- Brief
For every line in the material, print that line exactly.

Provided data Block Start

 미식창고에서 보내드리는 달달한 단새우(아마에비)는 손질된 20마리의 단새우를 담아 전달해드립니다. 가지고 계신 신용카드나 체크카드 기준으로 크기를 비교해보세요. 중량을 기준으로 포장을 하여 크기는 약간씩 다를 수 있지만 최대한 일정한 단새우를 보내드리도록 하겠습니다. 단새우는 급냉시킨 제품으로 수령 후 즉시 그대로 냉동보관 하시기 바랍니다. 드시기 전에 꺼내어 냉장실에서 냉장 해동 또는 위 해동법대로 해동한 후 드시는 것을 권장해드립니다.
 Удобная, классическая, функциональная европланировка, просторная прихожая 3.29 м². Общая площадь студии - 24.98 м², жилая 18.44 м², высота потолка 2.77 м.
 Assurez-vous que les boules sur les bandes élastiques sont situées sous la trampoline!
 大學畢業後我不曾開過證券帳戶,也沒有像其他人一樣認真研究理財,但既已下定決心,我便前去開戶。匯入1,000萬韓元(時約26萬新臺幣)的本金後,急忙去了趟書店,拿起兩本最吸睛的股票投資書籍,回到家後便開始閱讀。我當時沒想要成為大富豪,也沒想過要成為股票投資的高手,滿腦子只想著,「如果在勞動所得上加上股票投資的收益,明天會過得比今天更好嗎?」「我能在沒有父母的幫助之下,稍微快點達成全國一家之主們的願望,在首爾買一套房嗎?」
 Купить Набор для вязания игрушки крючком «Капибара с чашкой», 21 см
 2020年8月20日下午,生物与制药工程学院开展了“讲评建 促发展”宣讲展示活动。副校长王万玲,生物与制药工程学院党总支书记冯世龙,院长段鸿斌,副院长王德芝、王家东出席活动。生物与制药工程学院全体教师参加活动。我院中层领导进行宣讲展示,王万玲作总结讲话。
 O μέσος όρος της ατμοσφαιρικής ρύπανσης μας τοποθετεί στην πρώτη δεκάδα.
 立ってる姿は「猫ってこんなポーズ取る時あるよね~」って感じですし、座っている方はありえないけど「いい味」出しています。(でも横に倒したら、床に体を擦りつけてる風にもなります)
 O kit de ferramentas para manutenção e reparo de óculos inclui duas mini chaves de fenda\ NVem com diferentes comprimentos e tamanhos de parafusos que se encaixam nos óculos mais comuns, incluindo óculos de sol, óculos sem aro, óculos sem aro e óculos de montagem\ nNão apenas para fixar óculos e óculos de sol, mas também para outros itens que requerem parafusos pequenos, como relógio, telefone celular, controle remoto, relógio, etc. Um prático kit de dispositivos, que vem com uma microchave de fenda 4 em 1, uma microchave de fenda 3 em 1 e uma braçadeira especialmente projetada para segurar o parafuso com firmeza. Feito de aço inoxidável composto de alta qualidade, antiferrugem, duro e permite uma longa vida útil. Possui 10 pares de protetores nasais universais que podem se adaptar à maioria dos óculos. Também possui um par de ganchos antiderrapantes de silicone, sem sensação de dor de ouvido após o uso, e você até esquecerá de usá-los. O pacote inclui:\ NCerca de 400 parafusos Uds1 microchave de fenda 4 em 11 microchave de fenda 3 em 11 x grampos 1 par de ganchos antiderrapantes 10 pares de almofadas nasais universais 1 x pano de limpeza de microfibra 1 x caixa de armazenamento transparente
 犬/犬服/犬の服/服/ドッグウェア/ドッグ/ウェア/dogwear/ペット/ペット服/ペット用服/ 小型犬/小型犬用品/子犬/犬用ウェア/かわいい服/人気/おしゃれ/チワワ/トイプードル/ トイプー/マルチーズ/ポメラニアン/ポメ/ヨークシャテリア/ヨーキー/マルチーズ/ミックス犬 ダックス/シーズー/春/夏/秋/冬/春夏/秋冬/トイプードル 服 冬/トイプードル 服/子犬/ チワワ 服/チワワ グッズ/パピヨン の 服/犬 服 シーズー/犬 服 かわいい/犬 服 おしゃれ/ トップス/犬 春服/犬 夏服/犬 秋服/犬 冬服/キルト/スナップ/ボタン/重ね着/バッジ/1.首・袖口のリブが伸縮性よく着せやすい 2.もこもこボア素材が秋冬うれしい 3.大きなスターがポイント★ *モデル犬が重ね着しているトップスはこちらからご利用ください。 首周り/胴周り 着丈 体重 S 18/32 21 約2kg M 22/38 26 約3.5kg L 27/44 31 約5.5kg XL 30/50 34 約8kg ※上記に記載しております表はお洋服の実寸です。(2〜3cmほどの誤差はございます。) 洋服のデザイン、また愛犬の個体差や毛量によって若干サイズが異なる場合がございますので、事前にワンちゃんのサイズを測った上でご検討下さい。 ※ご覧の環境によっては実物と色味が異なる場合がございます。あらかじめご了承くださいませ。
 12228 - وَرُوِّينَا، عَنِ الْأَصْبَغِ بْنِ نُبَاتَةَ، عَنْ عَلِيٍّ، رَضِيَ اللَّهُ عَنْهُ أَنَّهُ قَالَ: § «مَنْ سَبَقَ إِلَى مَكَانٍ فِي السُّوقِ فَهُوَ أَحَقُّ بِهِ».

Provided data Block End

- Exercise output
 미식창고에서 보내드리는 달달한 단새우(아마에비)는 손질된 20마리의 단새우를 담아 전달해드립니다. 가지고 계신 신용카드나 체크카드 기준으로 크기를 비교해보세요. 중량을 기준으로 포장을 하여 크기는 약간씩 다를 수 있지만 최대한 일정한 단새우를 보내드리도록 하겠습니다. 단새우는 급냉시킨 제품으로 수령 후 즉시 그대로 냉동보관 하시기 바랍니다. 드시기 전에 꺼내어 냉장실에서 냉장 해동 또는 위 해동법대로 해동한 후 드시는 것을 권장해드립니다.
 Удобная, классическая, функциональная европланировка, просторная прихожая 3.29 м². Общая площадь студии - 24.98 м², жилая 18.44 м², высота потолка 2.77 м.
 Assurez-vous que les boules sur les bandes élastiques sont situées sous la trampoline!
 大學畢業後我不曾開過證券帳戶,也沒有像其他人一樣認真研究理財,但既已下定決心,我便前去開戶。匯入1,000萬韓元(時約26萬新臺幣)的本金後,急忙去了趟書店,拿起兩本最吸睛的股票投資書籍,回到家後便開始閱讀。我當時沒想要成為大富豪,也沒想過要成為股票投資的高手,滿腦子只想著,「如果在勞動所得上加上股票投資的收益,明天會過得比今天更好嗎?」「我能在沒有父母的幫助之下,稍微快點達成全國一家之主們的願望,在首爾買一套房嗎?」
 Купить Набор для вязания игрушки крючком «Капибара с чашкой», 21 см
 2020年8月20日下午,生物与制药工程学院开展了“讲评建 促发展”宣讲展示活动。副校长王万玲,生物与制药工程学院党总支书记冯世龙,院长段鸿斌,副院长王德芝、王家东出席活动。生物与制药工程学院全体教师参加活动。我院中层领导进行宣讲展示,王万玲作总结讲话。
 O μέσος όρος της ατμοσφαιρικής ρύπανσης μας τοποθετεί στην πρώτη δεκάδα.
 立ってる姿は「猫ってこんなポーズ取る時あるよね~」って感じですし、座っている方はありえないけど「いい味」出しています。(でも横に倒したら、床に体を擦りつけてる風にもなります)
 O kit de ferramentas para manutenção e reparo de óculos inclui duas mini chaves de fenda\ NVem com diferentes comprimentos e tamanhos de parafusos que se encaixam nos óculos mais comuns, incluindo óculos de sol, óculos sem aro, óculos sem aro e óculos de montagem\ nNão apenas para fixar óculos e óculos de sol, mas também para outros itens que requerem parafusos pequenos, como relógio, telefone celular, controle remoto, relógio, etc. Um prático kit de dispositivos, que vem com uma microchave de fenda 4 em 1, uma microchave de fenda 3 em 1 e uma braçadeira especialmente projetada para segurar o parafuso com firmeza. Feito de aço inoxidável composto de alta qualidade, antiferrugem, duro e permite uma longa vida útil. Possui 10 pares de protetores nasais universais que podem se adaptar à maioria dos óculos. Também possui um par de ganchos antiderrapantes de silicone, sem sensação de dor de ouvido após o uso, e você até esquecerá de usá-los. O pacote inclui:\ NCerca de 400 parafusos Uds1 microchave de fenda 4 em 11 microchave de fenda 3 em 11 x grampos 1 par de ganchos antiderrapantes 10 pares de almofadas nasais universais 1 x pano de limpeza de microfibra 1 x caixa de armazenamento transparente
 犬/犬服/犬の服/服/ドッグウェア/ドッグ/ウェア/dogwear/ペット/ペット服/ペット用服/ 小型犬/小型犬用品/子犬/犬用ウェア/かわいい服/人気/おしゃれ/チワワ/トイプードル/ トイプー/マルチーズ/ポメラニアン/ポメ/ヨークシャテリア/ヨーキー/マルチーズ/ミックス犬 ダックス/シーズー/春/夏/秋/冬/春夏/秋冬/トイプードル 服 冬/トイプードル 服/子犬/ チワワ 服/チワワ グッズ/パピヨン の 服/犬 服 シーズー/犬 服 かわいい/犬 服 おしゃれ/ トップス/犬 春服/犬 夏服/犬 秋服/犬 冬服/キルト/スナップ/ボタン/重ね着/バッジ/1.首・袖口のリブが伸縮性よく着せやすい 2.もこもこボア素材が秋冬うれしい 3.大きなスターがポイント★ *モデル犬が重ね着しているトップスはこちらからご利用ください。 首周り/胴周り 着丈 体重 S 18/32 21 約2kg M 22/38 26 約3.5kg L 27/44 31 約5.5kg XL 30/50 34 約8kg ※上記に記載しております表はお洋服の実寸です。(2〜3cmほどの誤差はございます。) 洋服のデザイン、また愛犬の個体差や毛量によって若干サイズが異なる場合がございますので、事前にワンちゃんのサイズを測った上でご検討下さい。 ※ご覧の環境によっては実物と色味が異なる場合がございます。あらかじめご了承くださいませ。
 12228 - وَرُوِّينَا، عَنِ الْأَصْبَغِ بْنِ نُبَاتَةَ، عَنْ عَلِيٍّ، رَضِيَ اللَّهُ عَنْهُ أَنَّهُ قَالَ: § «مَنْ سَبَقَ إِلَى مَكَانٍ فِي السُّوقِ فَهُوَ أَحَقُّ بِهِ».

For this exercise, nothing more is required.